I have reported about the experimental details of this particular article in July, but one of the authors provided a brief summary of the research and recent progress related to the experiments in this week’s Journal of Neuroscience.  He also provided a wonderful schematic detailing the eight possible scenarios involving pre and post-synaptic neurons, ResearchBlogging.orgnon-synaptic neurons (varicosities), and receptor/transport subtypes that could explain the co-release of dopamine and glutamate. For now, we know that EPSCs (excitatory post-synaptic currents) are elicited by both dopamine and glutamate in the VTA and NA. This was accomplished through exploiting channel rhodopsin. In the absence of VGLUT (a vesicular glutamate transporter) these EPSCs did not occur. Additionally, glutamate binding to AMPA receptors (glutamate can either bind to AMPA or NMDA receptors) was found in the NA.

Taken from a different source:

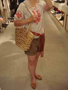 真っ赤な夏らしいベルトとカゴバックをポイントに。

Regarding my own research, this recent progress will be a nice complement to my experiments showing that the implantation of the glutamate antagonist, acamprosate, which is used to curb drinking and prevent relapse in alcoholics, into the VTA and NA effectively reduces alcohol craving in mice. Implantation into the VTA also causes a marked increase in nighttime circadian activity. As you can see here. I certainly need to do some more literature searching, looking for experiments tying dopamine/glutamate signaling to changes in circadian behavior, but for now, I have to return to my week-long immunohistochemistry/surgical duties………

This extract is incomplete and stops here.